James Carlson wrote:
> Jordan Brown wrote:
>> On the other hand, declaring it in the manifest means that it's visible
>> by default through svcprop and svccfg listprop.  Since it's an
>> undocumented option that users should never have to mess with, that
>> seems undesirable.
>>
>> What I would like would be a way to declare a property to be "hidden",
>> so that by default it isn't shown by any of the user interfaces.  If
>> it's set to a non-default value, then it should be shown.
> 
> Yuck.  I think I'd rather see this trait of SMF used to drive a
> friendlier administrative model rather than used as an excuse to hide
> things from the user.
> 
> In other words, it seems to me that SMF's svcprop and svccfg mechanisms
> are very low-level details that administrators ordinarily shouldn't have
> to deal with.  If the service you are talking about had a customized
> administrative interface layered on top, rather than relying on SMF's
> internals as a primary interface, then there likely wouldn't need to be
> much of a reason to "hide" anything.

Customized administrative interfaces are best, certainly.  However, they 
are also very expensive.  Previous Sun management tools have relied on them 
exclusively, and I believe that is one of the reasons that they have failed 
- it was too expensive and difficult to add new configurable components and 
configuration values, and so the UIs became stale.

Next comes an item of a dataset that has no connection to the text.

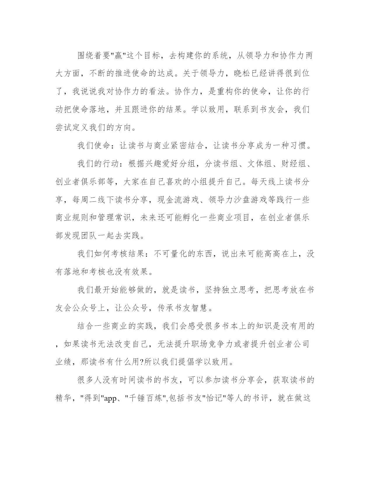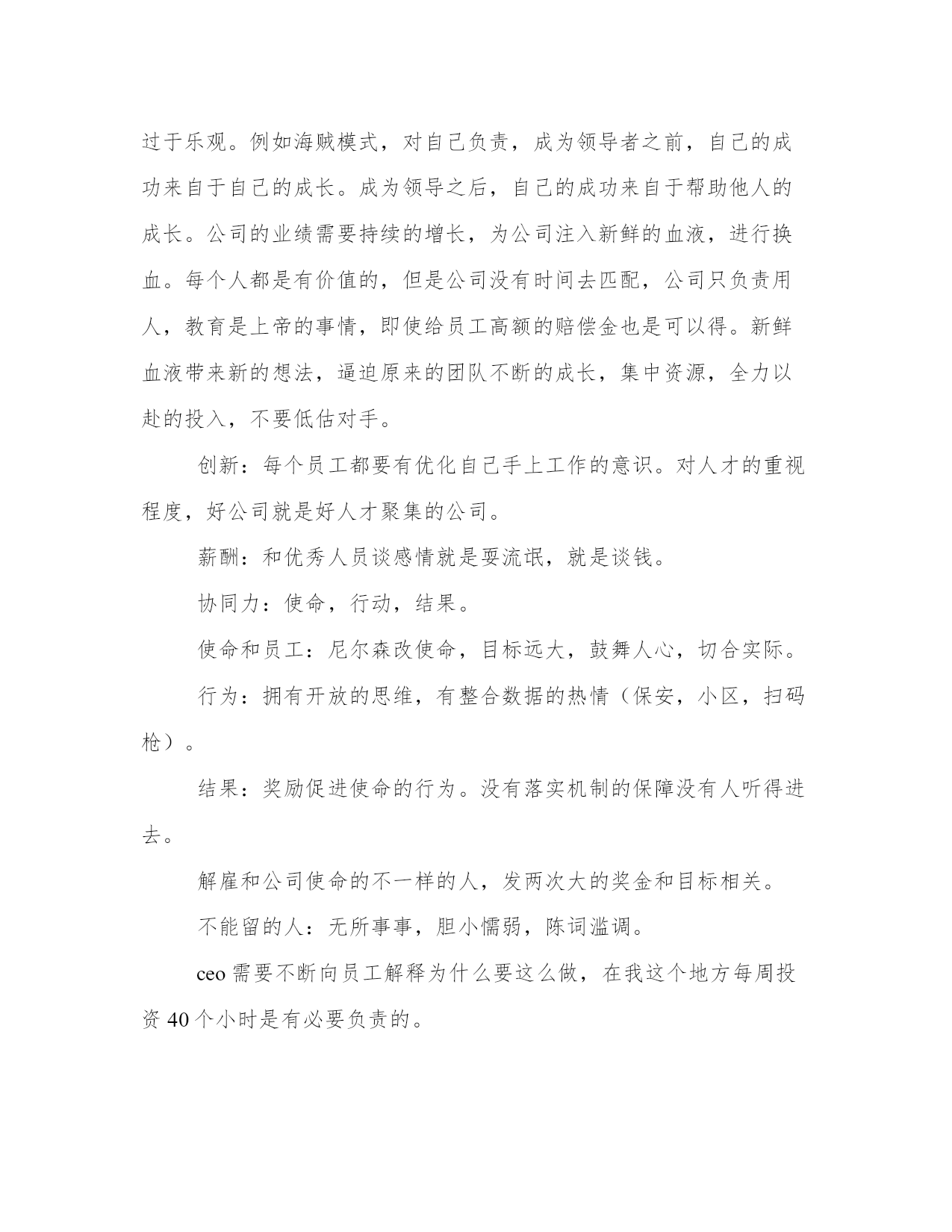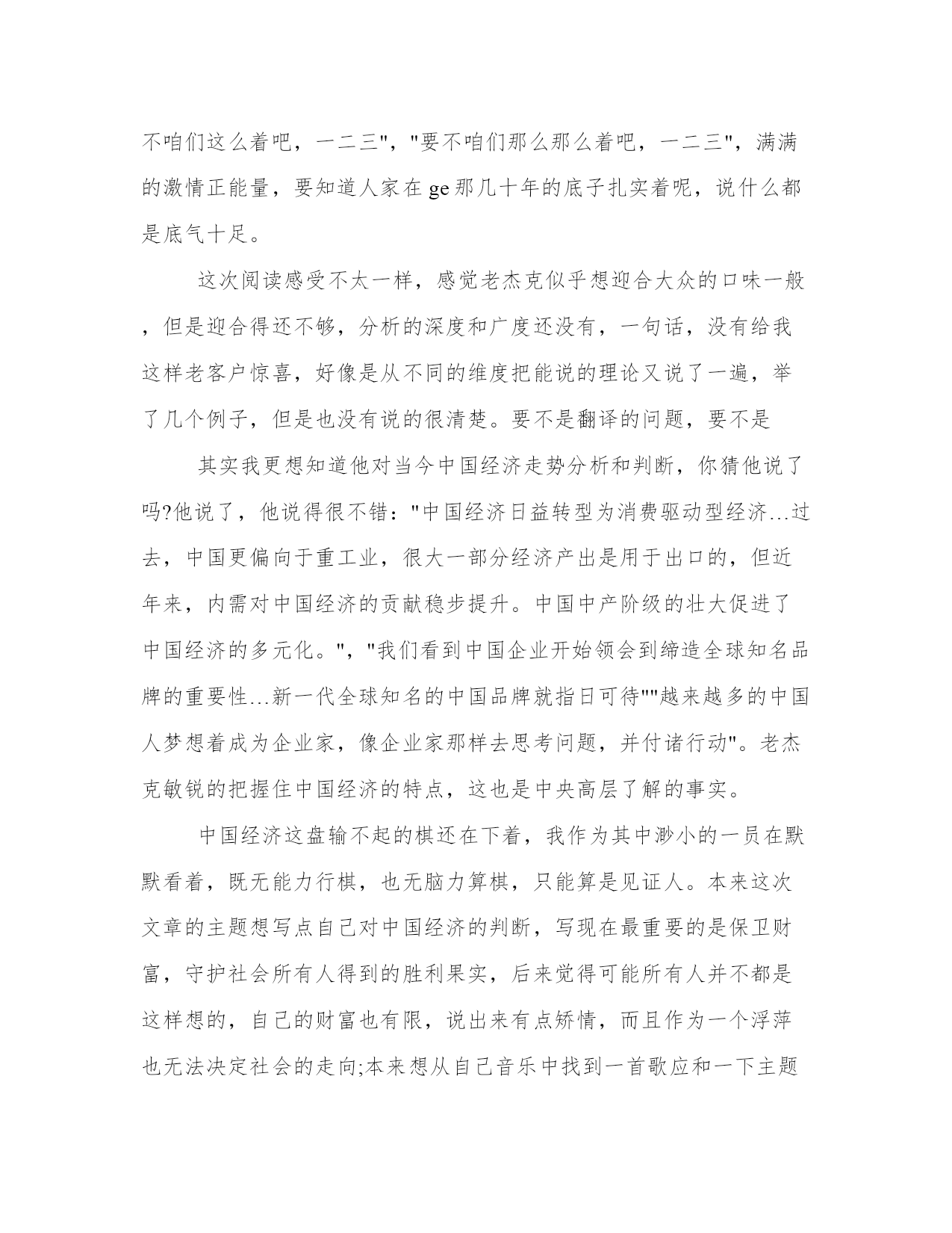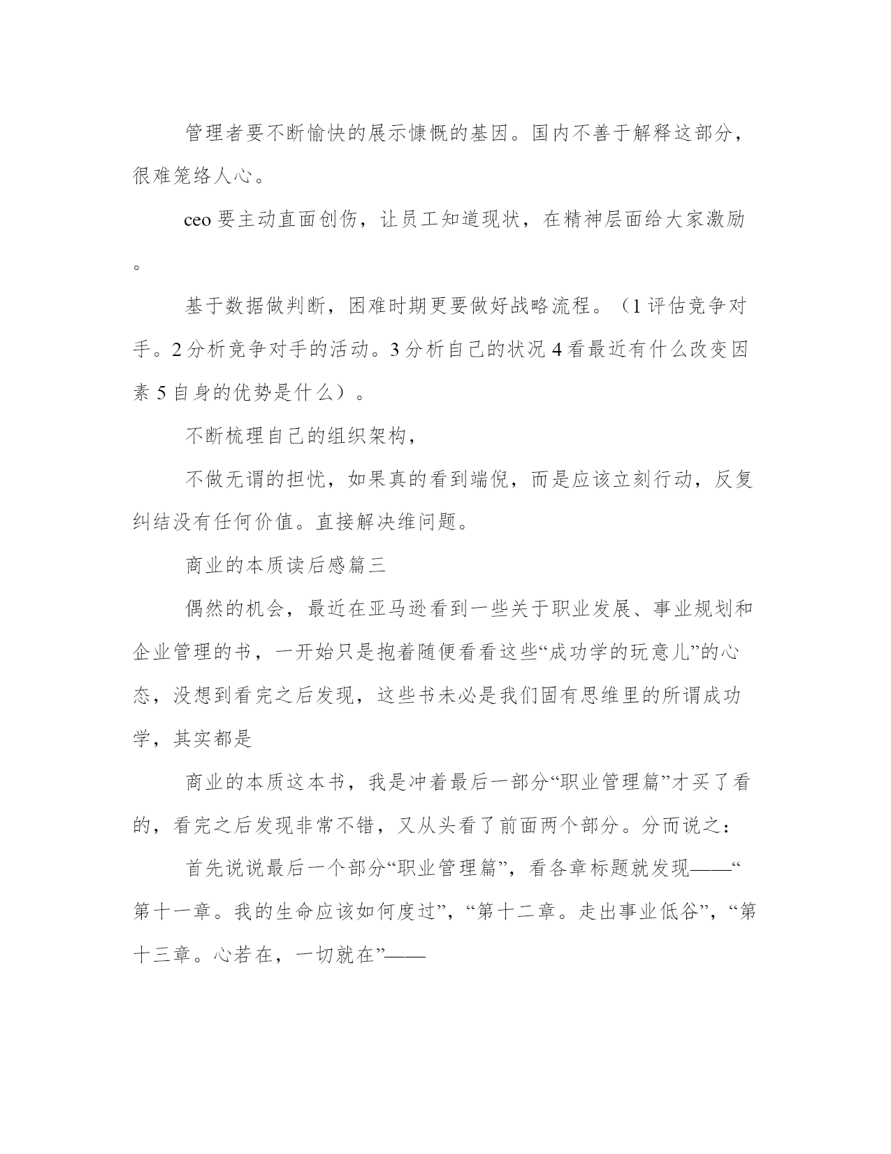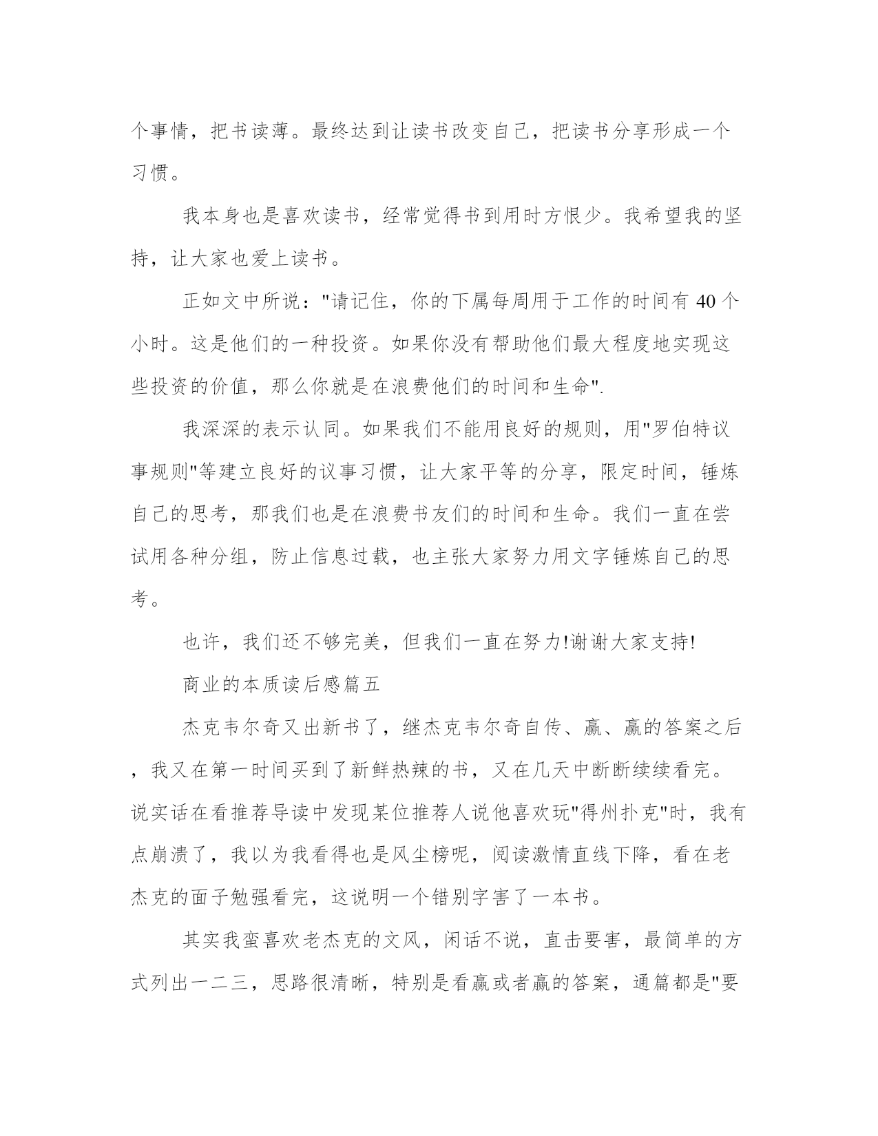 最新商业的本质读后感(大全8篇)在观看完一部作品以后,一定对生活有了新的感悟和看法吧,为此需要好好认真地写读后感。什么样的读后感才能对得起这个作品所表达的含义呢?以下是小编为大家准备的读后感精彩范文,希望对大家有帮助!商业的本质读后感篇一商业的本质是如何去创造价值,价值创造又两个标准:第一个标准是你能开发出市场接受的新产品和服务,也就是别人没有做的产品你做出来了,你创造价值了。第二个标准是价值创造的方法,你不能做出新产品没关系,你生产产品的成本比别人低,这也叫创造价值。“在互联网时代,我们看到过很多企业长期不盈利,有人就讲说你们老讲企业要盈利,这是一种落后的观念。”这种观念本身是违反商业本质的,已经在企业经营的最重要的目标上迷失了方向。那么创造价值和赚钱是什么关系?“很多企业家都问过我这个问题,其实,赚钱未必创造价值,而创造价值总要赚钱。”如果创造价值而未赚到钱,这是短期的事情,从长期来说,创造了价值,要想不赚钱都很难。在传统的行业里,我们看到的都是收益递减,而在互联网技术应用企业中,市场上可以呈现出非常难得的收益递增现象,这对于企业和经济来说,都是渴求的一种效益,即随着企业规模经营的增加,收益不是递减的,而是递增的。原因就在于互联网具备四个效应:梅特卡夫效应、双边市场效应、规模效应和协同效应。这四个效应聚集在一项技术中,使它能够产生一些过去我们看不到的结果。双边市场效应——供给和需求之间的正反馈,不再把需求看成是固定的,而是认为供给可以影响需求,需求反过来又会影响供给,他把这种供给和需求之间的反馈叫做双边市场效应。规模效应——生产的产品越多,服务的客户越多,单位产品、单一客户服务的成本就越低,这叫规模经济效应。协同效应——商品种类多,协同效应虽然也依赖规模,但它源于品种增加所带来的收入,而不是单一产品平均成本的下降。“商业的本质是什么?互联网是否已经改变了商业的本质?”互联网拥有如此强大的影响力,不仅改变了我们的生活工作方式,也改变了企业的管理经营模式,近几年的一种观念是谁要是不触网,谁以后麻烦就大了。以前是工业大规模生产的时代,而现在企业需要具备互联网思维才能生存和发展。于是乎,不少企业开始急急忙忙去拥抱互联网。在这个过程中虽然很多公司成长为世界领先的超大型的科技公司,但是也有很多公司倒在了通往成功的路上。消费互联网自21世纪初至今经历了它的黄金时期,有迹象表明它的巅峰已过,但这并不意味着互联网时代渐近尾声。工业互联网方兴未艾,移动互联网加数字技术齐头并进,机器互联和人机互联繁荣发展,万物互联的供给侧一旦对接已然高度互联网化的需求端,新的生态与商业模式值得期待。工业互联网的价值:1、工业互联网可以使企业加快对市场的反应速度,缩短交货期。2、“数字化+工业互联网”可以实现大规模定制。3、工业互联网能够帮助传统企业,特别是制造型企业向服务业转型。4、工业互联网带来设备和人员效率的提高。5、工业互联网能够形成具有想象空间的生态体系。商业的本质读后感篇二职业规划是一个不断匹配和调整的过程,很多人一辈子都搞不清楚自己擅长什么。发现性格特点,了解自己,挖掘自己非常擅长的事情,指一个场景,自己做的特别棒,可能自己没有发现,但是别人经常称赞自己。静静的回想过往做过的事情,或者请教别人,自己身上有什么优点。我给人的感觉是非常真诚)。喜欢的事情不断缩小范围,找到共性。例如是喜欢交流还是思考。了解行业规则,然后匹配。确立职业目标之后,要及时扮演这个角色,及时去碰去撞。人生最重要的两个时刻:你出生的那一天和你找到自己生命意义的时候。领导团队:激发团队战斗力,真实和信任,不断的追求真实和信任。公司团队是什么样就是什么样,在真实情况之上建立目标,不要过于乐观。例如海贼模式,对自己负责,成为领导者之前,自己的成功来自于自己的成长。成为领导之后,自己的成功来自于帮助他人的成长。公司的业绩需要持续的增长,为公司注入新鲜的血液,进行换血。每个人都是有价值的,但是公司没有时间去匹配,公司只负责用人,教育是上帝的事情,即使给员工高额的赔偿金也是可以得。新鲜血液带来新的想法,逼迫原来的团队不断的成长,集中资源,全力以赴的投入,不要低估对手。创新:每个员工都要有优化自己手上工作的意识。对人才的重视程度,好公司就是好人才聚集的公司。薪酬:和优秀人员谈感情就是耍流氓,就是谈钱。协同力:使命,行动,结果。使命和员工:尼尔森改使命,目标远大,鼓舞人心,切合实际。行为:拥有开放的思维,有整合数据的热情(保安,小区,扫码枪)。结果:奖励促进使命的行为。没有落实机制的保障没有人听得进去。解雇和公司使命的不一样的人,发两次大的奖金和目标相关。不能留的人:无所事事,胆小懦弱,陈词滥调。ceo需要不断向员工解释为什么要这么

Metadata-driven user interfaces can be pretty good, and far better than 
manually editing configuration files.  A mechanism (like smf_template(5) 
appears to be) that allows the service developer to declare variables, 
including type, constraints, and hints on presentation, enables such a 
metadata-driven user interface.  Even with a customized user interface the 
metadata can help to simplify the implementation; medium-complex 
configuration interfaces might consist of little more than lists of tabs, 
each with a list of configuration items.

Firefox demonstrates this model.  It offers fully-customized user 
interfaces for the most commonly-used configuration parameters, but for 
less commonly-used configuration parameters it offers "about:config", which 
is still tons better than editing prefs.js.